## Supplied data
---+---

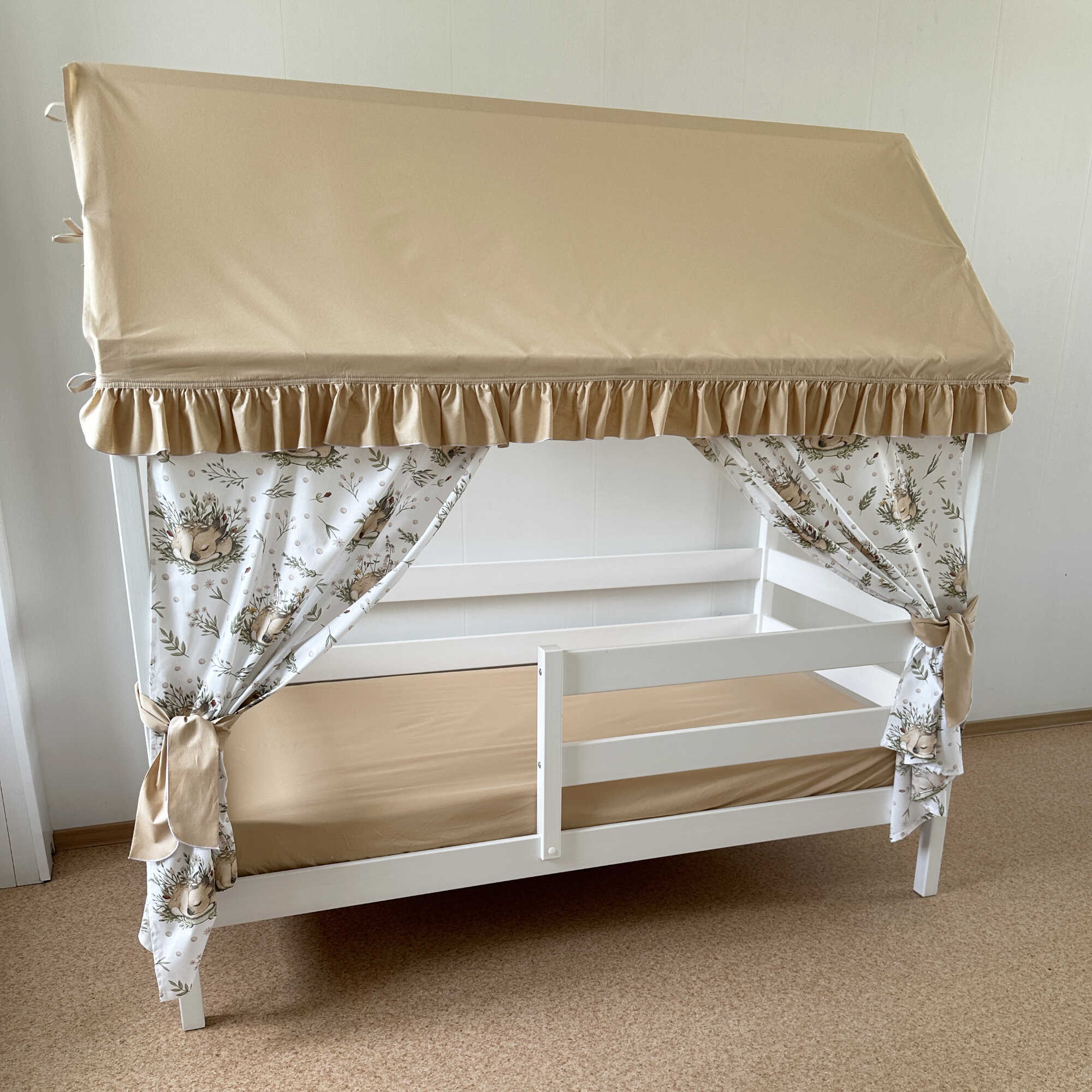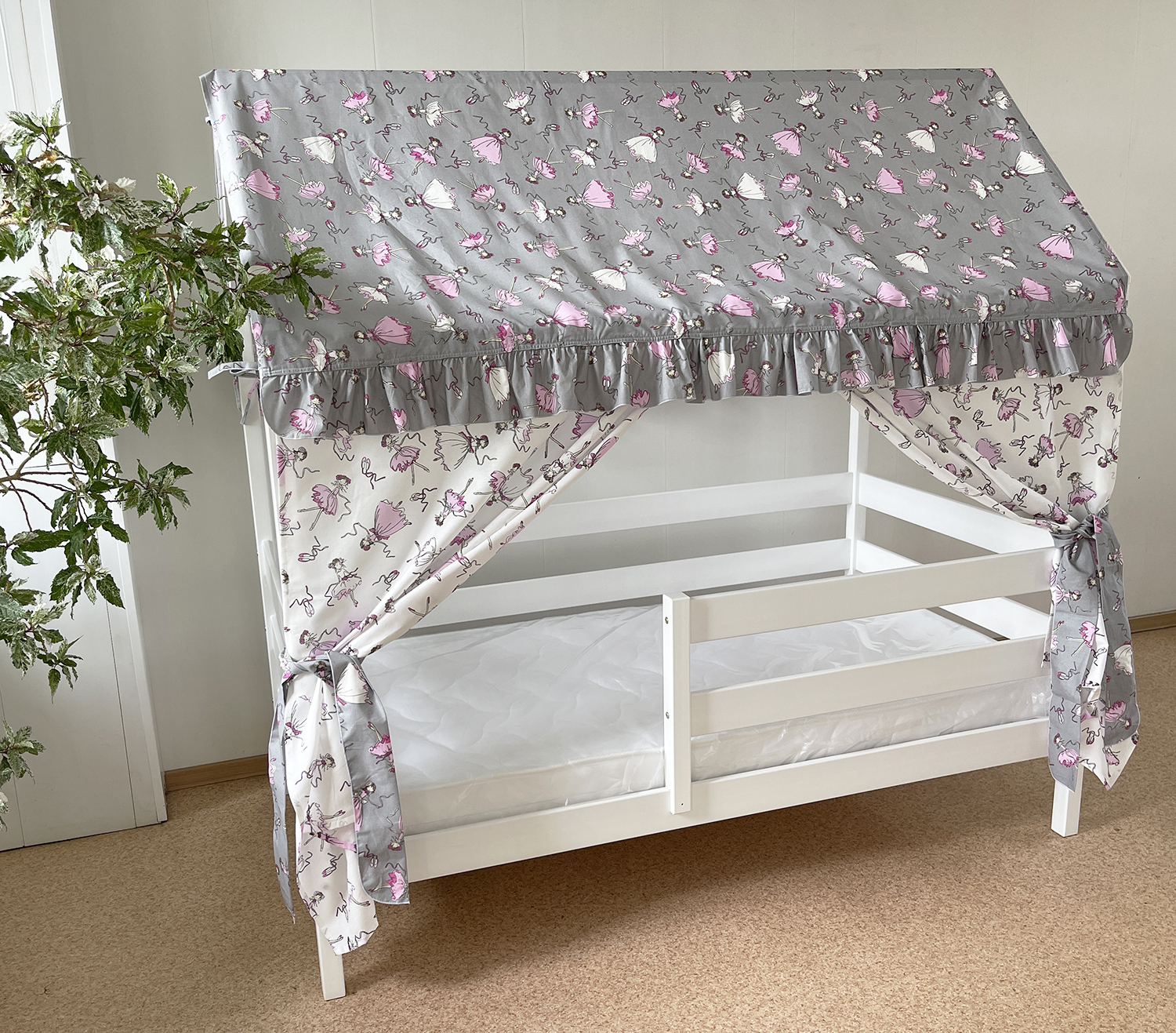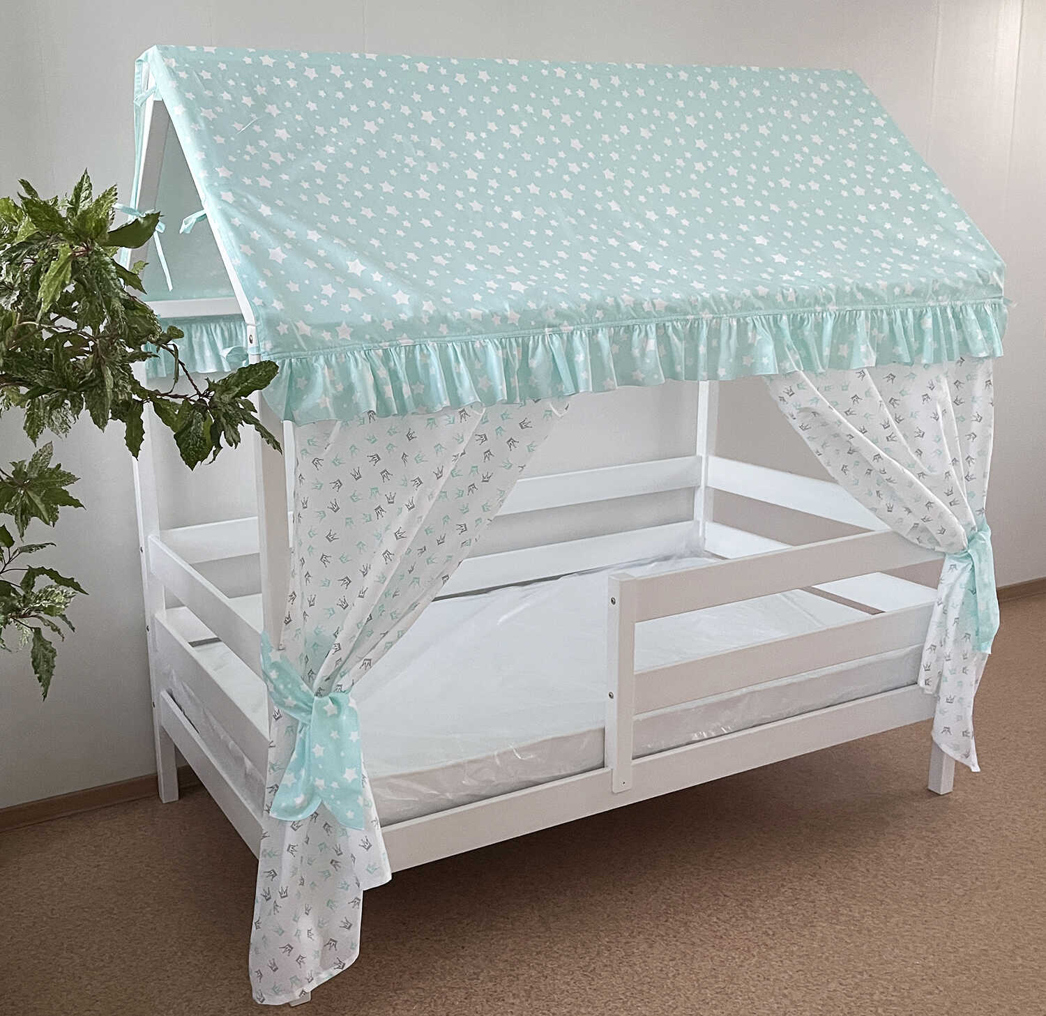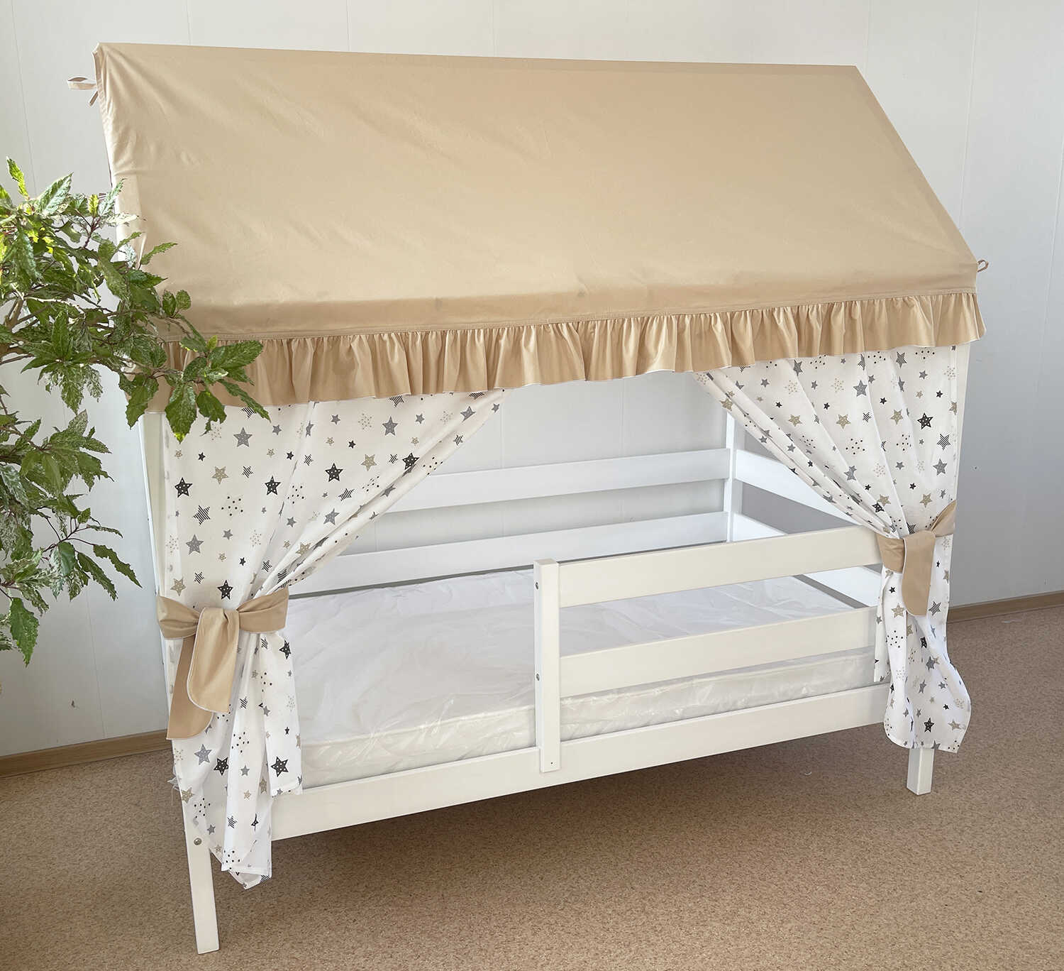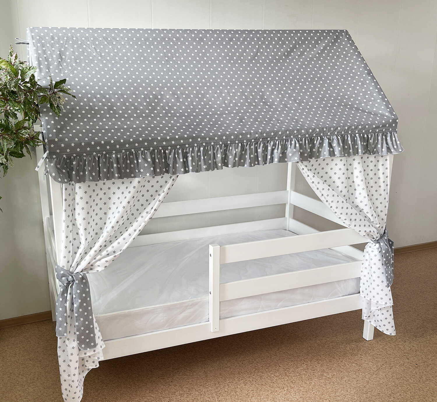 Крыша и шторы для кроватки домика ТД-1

---+---

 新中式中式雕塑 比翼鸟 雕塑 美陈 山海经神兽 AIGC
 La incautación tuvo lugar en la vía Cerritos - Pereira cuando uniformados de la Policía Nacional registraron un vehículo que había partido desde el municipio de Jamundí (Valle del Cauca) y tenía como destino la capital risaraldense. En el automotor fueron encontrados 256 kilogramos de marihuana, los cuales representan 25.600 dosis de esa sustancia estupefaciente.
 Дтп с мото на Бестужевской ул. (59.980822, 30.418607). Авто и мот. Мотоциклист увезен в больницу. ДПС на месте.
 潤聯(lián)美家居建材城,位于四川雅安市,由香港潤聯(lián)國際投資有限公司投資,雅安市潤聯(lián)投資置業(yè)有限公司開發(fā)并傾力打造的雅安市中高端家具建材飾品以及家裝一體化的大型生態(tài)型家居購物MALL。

---+---

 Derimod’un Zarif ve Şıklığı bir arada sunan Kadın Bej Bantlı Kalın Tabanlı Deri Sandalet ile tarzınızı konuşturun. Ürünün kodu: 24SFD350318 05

---+---

## Your goal
Looking at the records above, return exactly the lines from the line with "Дтп с мото на" to the line with "潤聯(lián)美家居建材城", both ends included.

## Answer to the problem
 Дтп с мото на Бестужевской ул. (59.980822, 30.418607). Авто и мот. Мотоциклист увезен в больницу. ДПС на месте.
 潤聯(lián)美家居建材城,位于四川雅安市,由香港潤聯(lián)國際投資有限公司投資,雅安市潤聯(lián)投資置業(yè)有限公司開發(fā)并傾力打造的雅安市中高端家具建材飾品以及家裝一體化的大型生態(tài)型家居購物MALL。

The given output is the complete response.